■ Your assignment: Beginning with the line in which "Мощность: 200 Вт." appears, transcribe each line word for word until the records end. Do not include pictures.

::::::::

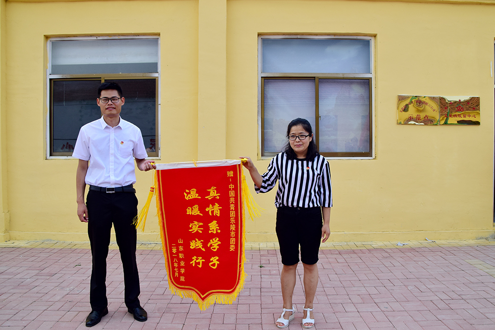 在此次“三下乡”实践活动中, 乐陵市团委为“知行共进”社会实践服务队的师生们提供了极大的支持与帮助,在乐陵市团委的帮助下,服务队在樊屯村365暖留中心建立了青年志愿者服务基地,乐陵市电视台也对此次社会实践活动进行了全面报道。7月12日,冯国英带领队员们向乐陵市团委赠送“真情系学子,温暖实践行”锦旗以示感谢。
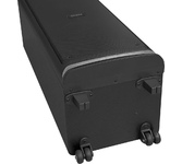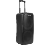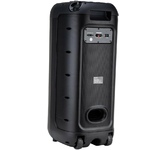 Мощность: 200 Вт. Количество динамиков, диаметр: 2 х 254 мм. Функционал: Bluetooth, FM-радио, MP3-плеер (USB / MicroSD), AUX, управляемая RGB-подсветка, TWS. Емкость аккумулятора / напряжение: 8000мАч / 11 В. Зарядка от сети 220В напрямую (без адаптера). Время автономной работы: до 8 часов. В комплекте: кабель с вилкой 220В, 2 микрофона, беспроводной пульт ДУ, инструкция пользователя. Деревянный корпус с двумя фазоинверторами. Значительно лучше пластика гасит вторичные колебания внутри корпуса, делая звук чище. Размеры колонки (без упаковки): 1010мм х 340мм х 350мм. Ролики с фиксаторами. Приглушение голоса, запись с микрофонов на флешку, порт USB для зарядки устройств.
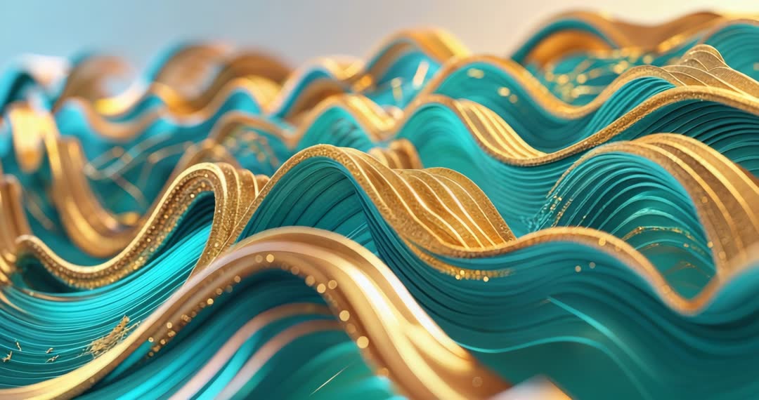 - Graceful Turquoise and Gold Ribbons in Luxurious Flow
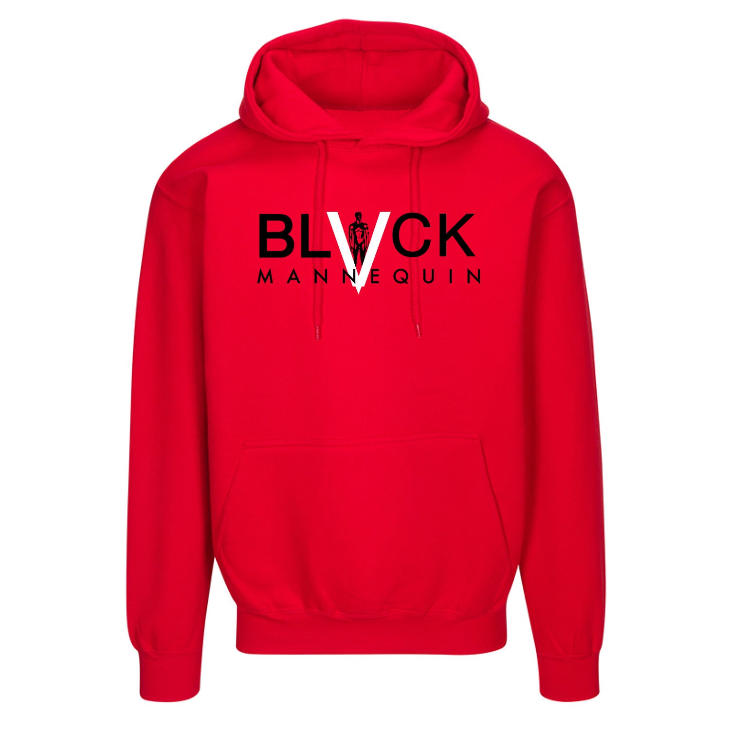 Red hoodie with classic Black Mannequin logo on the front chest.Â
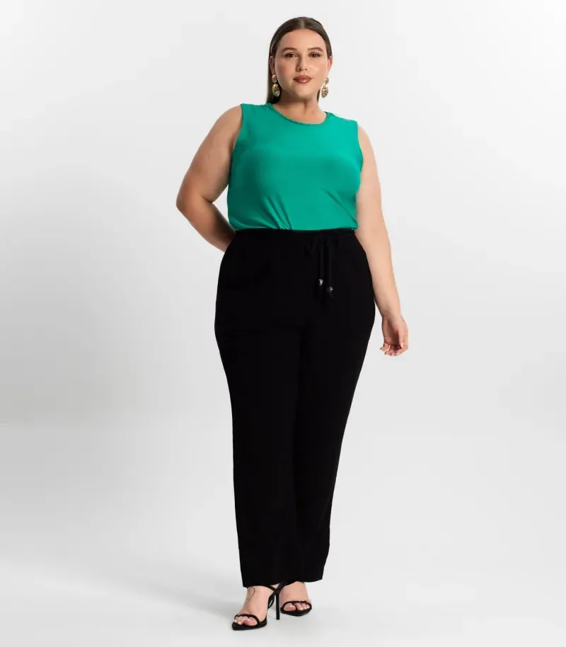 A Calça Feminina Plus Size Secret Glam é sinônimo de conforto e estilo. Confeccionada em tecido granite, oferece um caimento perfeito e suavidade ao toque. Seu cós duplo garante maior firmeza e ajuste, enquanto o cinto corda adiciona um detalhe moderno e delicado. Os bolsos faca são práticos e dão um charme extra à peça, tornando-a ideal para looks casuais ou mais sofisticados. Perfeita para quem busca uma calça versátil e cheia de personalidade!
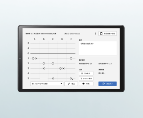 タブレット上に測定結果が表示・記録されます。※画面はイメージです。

::::::::

■ Output below:
 Мощность: 200 Вт. Количество динамиков, диаметр: 2 х 254 мм. Функционал: Bluetooth, FM-радио, MP3-плеер (USB / MicroSD), AUX, управляемая RGB-подсветка, TWS. Емкость аккумулятора / напряжение: 8000мАч / 11 В. Зарядка от сети 220В напрямую (без адаптера). Время автономной работы: до 8 часов. В комплекте: кабель с вилкой 220В, 2 микрофона, беспроводной пульт ДУ, инструкция пользователя. Деревянный корпус с двумя фазоинверторами. Значительно лучше пластика гасит вторичные колебания внутри корпуса, делая звук чище. Размеры колонки (без упаковки): 1010мм х 340мм х 350мм. Ролики с фиксаторами. Приглушение голоса, запись с микрофонов на флешку, порт USB для зарядки устройств.
 - Graceful Turquoise and Gold Ribbons in Luxurious Flow
 Red hoodie with classic Black Mannequin logo on the front chest.Â
 A Calça Feminina Plus Size Secret Glam é sinônimo de conforto e estilo. Confeccionada em tecido granite, oferece um caimento perfeito e suavidade ao toque. Seu cós duplo garante maior firmeza e ajuste, enquanto o cinto corda adiciona um detalhe moderno e delicado. Os bolsos faca são práticos e dão um charme extra à peça, tornando-a ideal para looks casuais ou mais sofisticados. Perfeita para quem busca uma calça versátil e cheia de personalidade!
 タブレット上に測定結果が表示・記録されます。※画面はイメージです。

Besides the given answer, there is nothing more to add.